Using the 20-rule proof system (replacement rules, rules of inference, conditional proof, and reductio ad absurdum) and given these 3 premises:
I know that since I'm trying to prove a biconditional, the penultimate step will be (A -> C) * (C -> A), but not sure how to get there... should I be using conditional proof to start off or conditional exchange? Any help would be greatly appreciated!
given that the two main things you need to prove are A -> C and C -> A. As a general strategy, it is often the easiest to do so with conditional proofs. Given the three assumptions you've been given, it's also a successful strategy.

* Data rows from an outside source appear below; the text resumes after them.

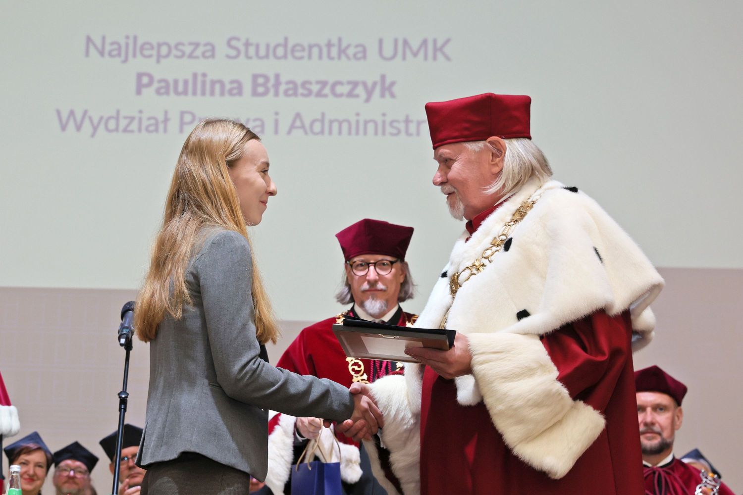 Za najlepszą studentkę UMK w minionym roku Senat uznał Paulinę Błaszczyk, studentkę IV roku prawa, która w roku akademickim 2024/2025 osiągnęła wiele sukcesów naukowych, może poszczycić się również średnią ocen w wysokości 4,96.
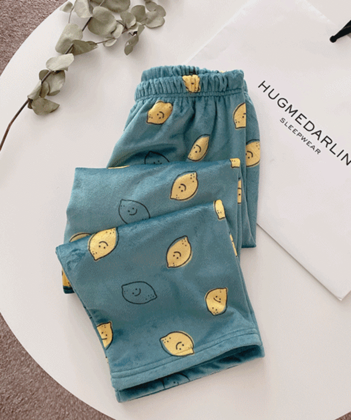 [커플] 키치레몬 극세사 수면바지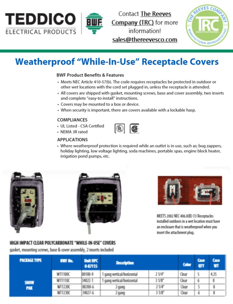 Discover more about Teddico‘s Electrical Products by contacting The Reeves Company PNW!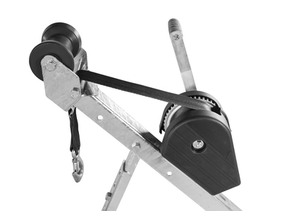 Gli argani sono dotati di carter protettivo e sono fissati con supporti facilmente regolabili.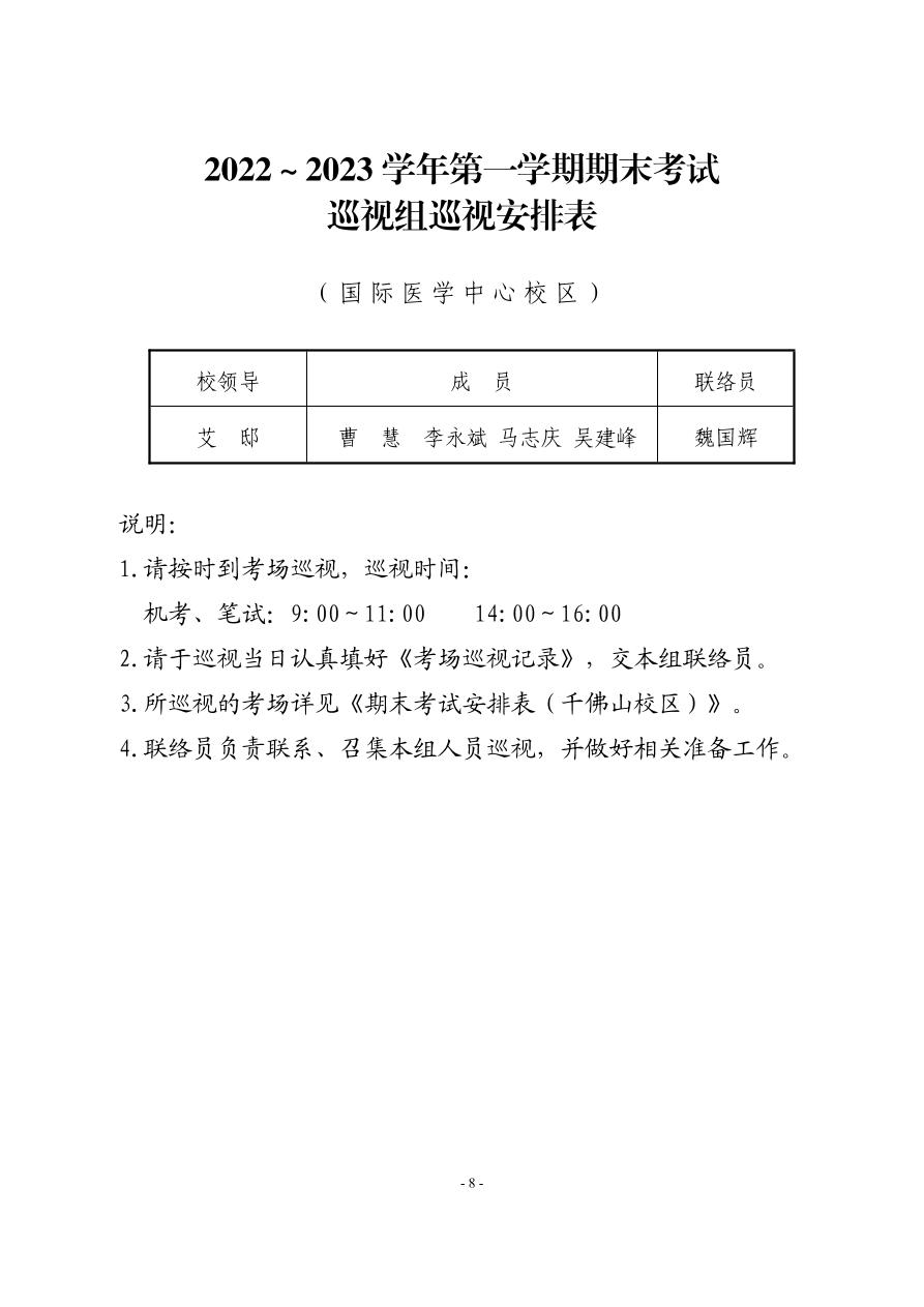 附件4:2022~2023学年第一学期期末考试集中安排一览表(国际医学中心校区)(教师用表).xls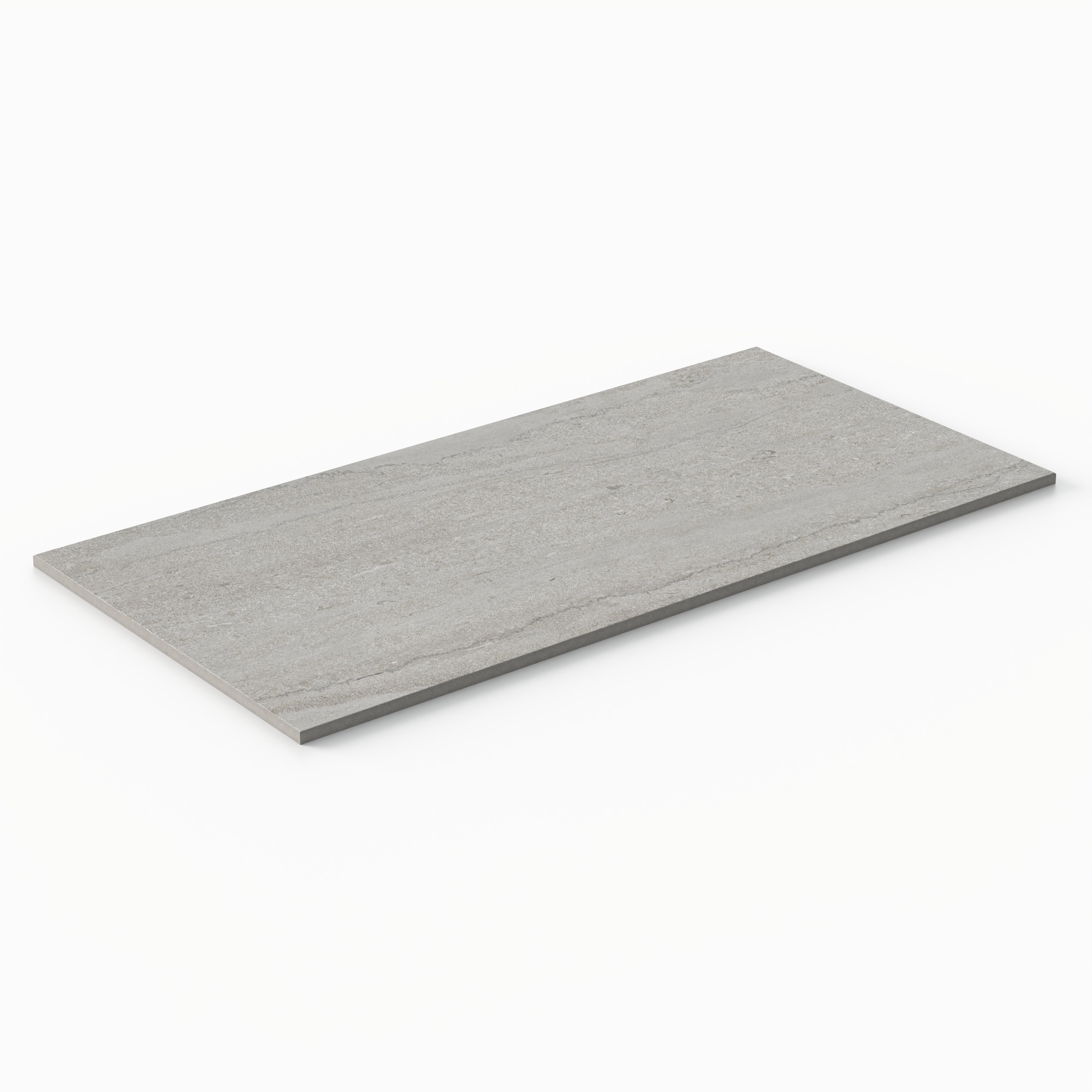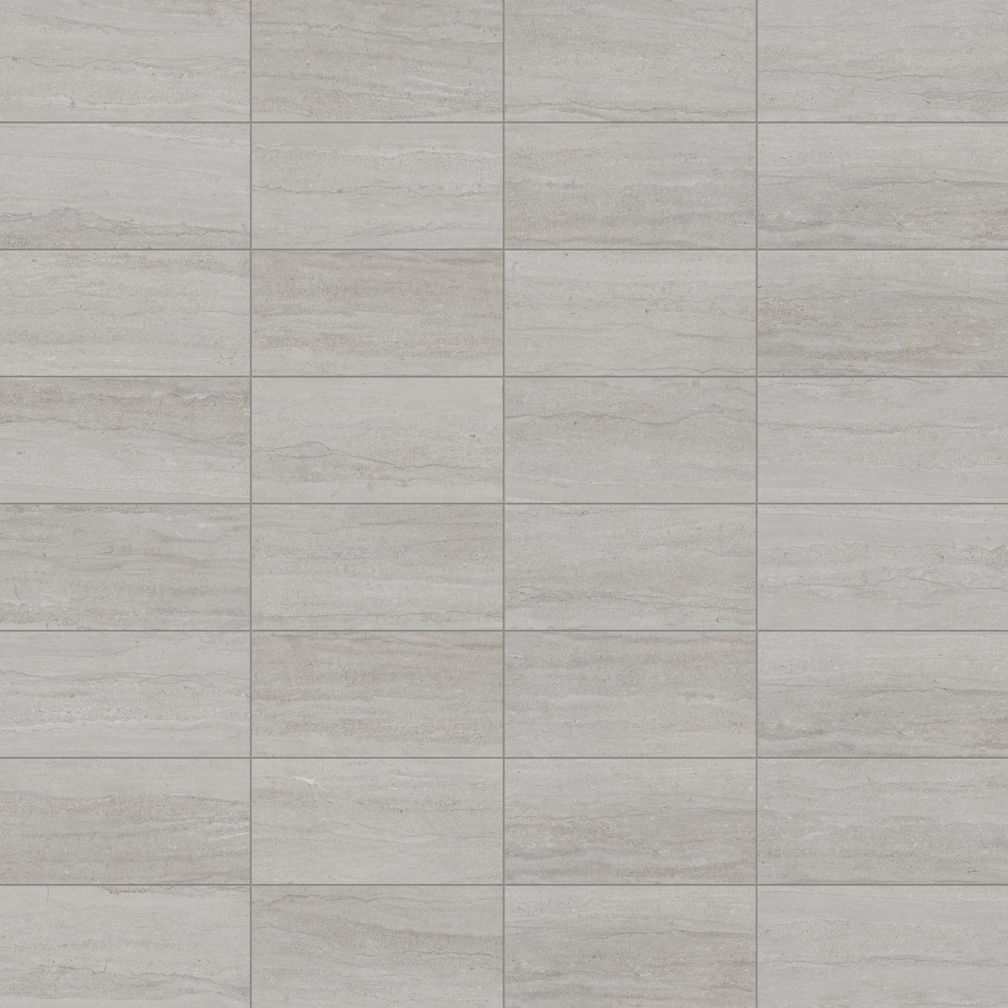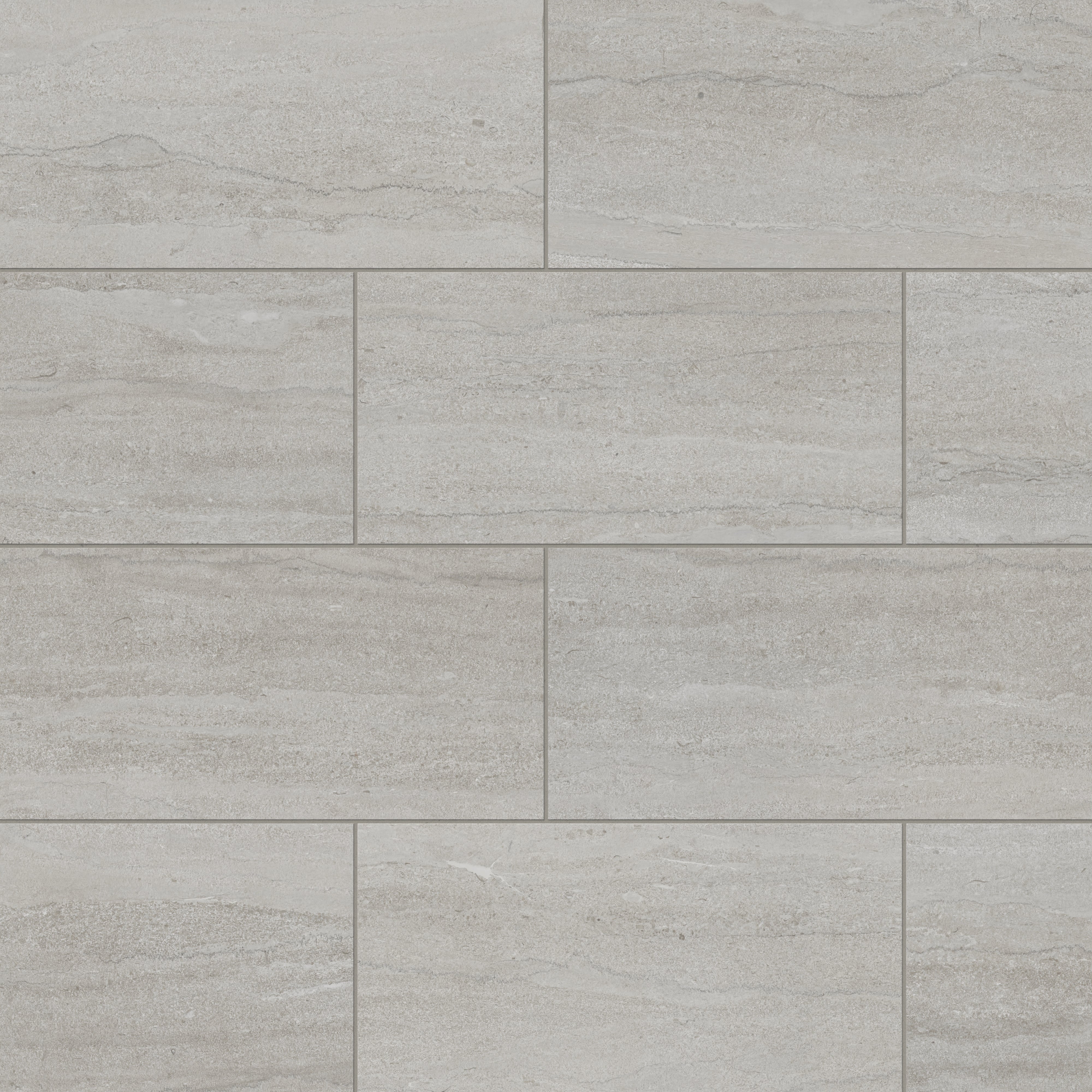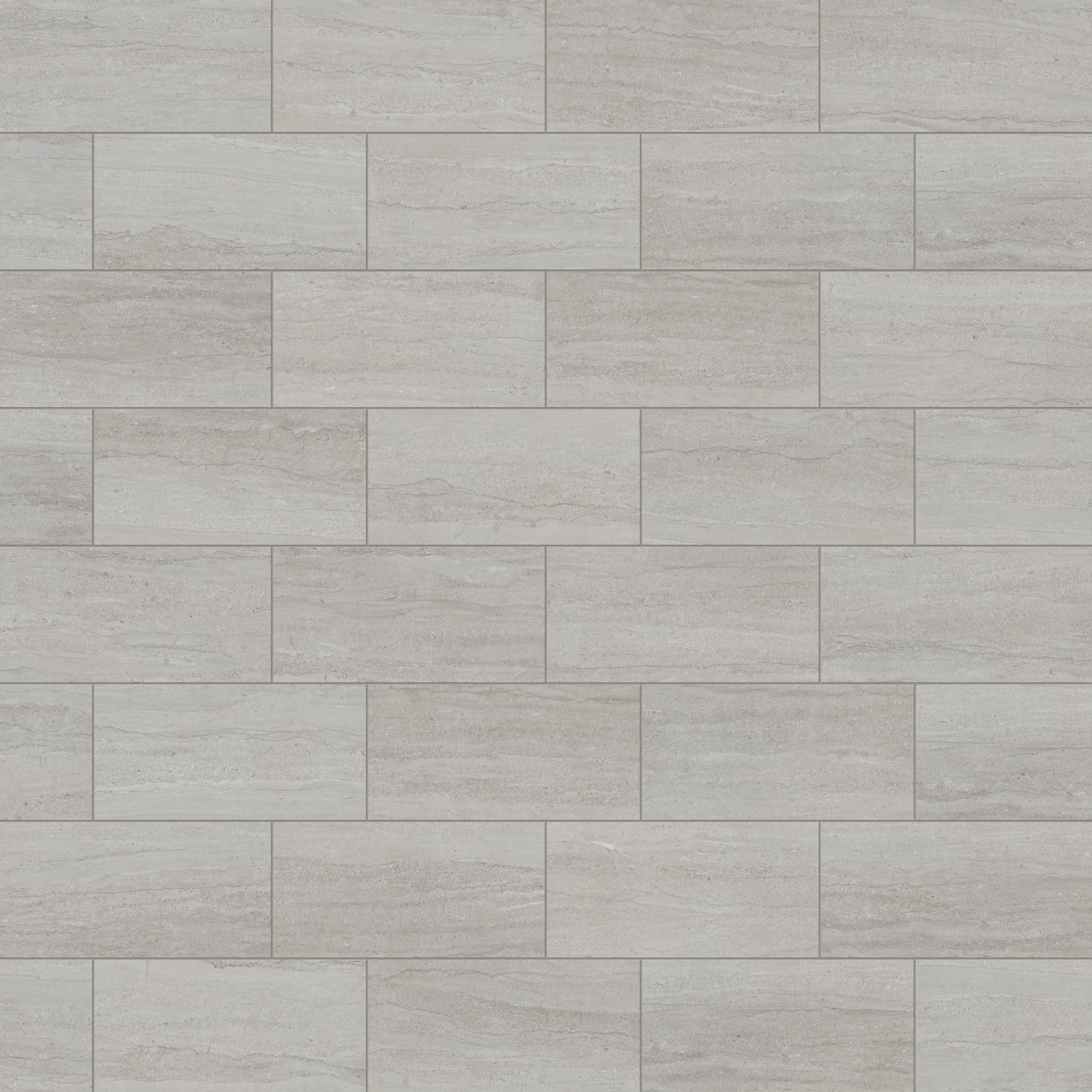 Our Tatum 12x24 Matte Porcelain Tile in Vein-Cut Dune captures the essence of travertine with its subtle mineral layering, gently flowing horizontal striations, and soft tonal shifts of earthy gray in a classic rectangular format. The non-reflective finish adds subtle richness to its weathered, organically pitted appearance, perfect for nature-inspired spaces.

There's quite a few different syntaxes and allowed procedures (it'd be better to give a link or spell out what you can and cannot use rather than just saying "20-rule proof system").
Here's how I'd do it:
1.| A -> ~ B P
2.| ~C -> B P
3.|_ ~A -> ~C P
4.| |_ A A
5.| | ~B MP 1,4
6.| | ~~C MT 5,2
7.| | C DN 6
8.| A -> C CP 4-7
9.| |_ C A
10.| | ~~C DN 9
11.| | ~~A MT 10
12.| | A DN 11
13.| C -> A CP 10-12
14.| (A -> C) & (C -> A) &I 9,13
15.| A <-> C BiCond. Int 14
In the above A = assumption, | means we are in a subproof, DN = double negation, MT = modus tollens, MP = modus ponens, CP = conditional proof, &I = conjunction introduction, and BiCond Int = biconditional introduction. For some proof systems, you need to use R to repeat things to use them in subproofs (omitted).
The largest dependency in the above is MT. If you need to avoid it, then the basic pattern is:
1.| P -> Q P
2.|_ ~Q P
3.| |_ P A
4.| | Q MP 1,3
5.| | Q & ~Q &I 2,4
6.| ~P ~I 3-5
which you would need to substitute for each use of MT.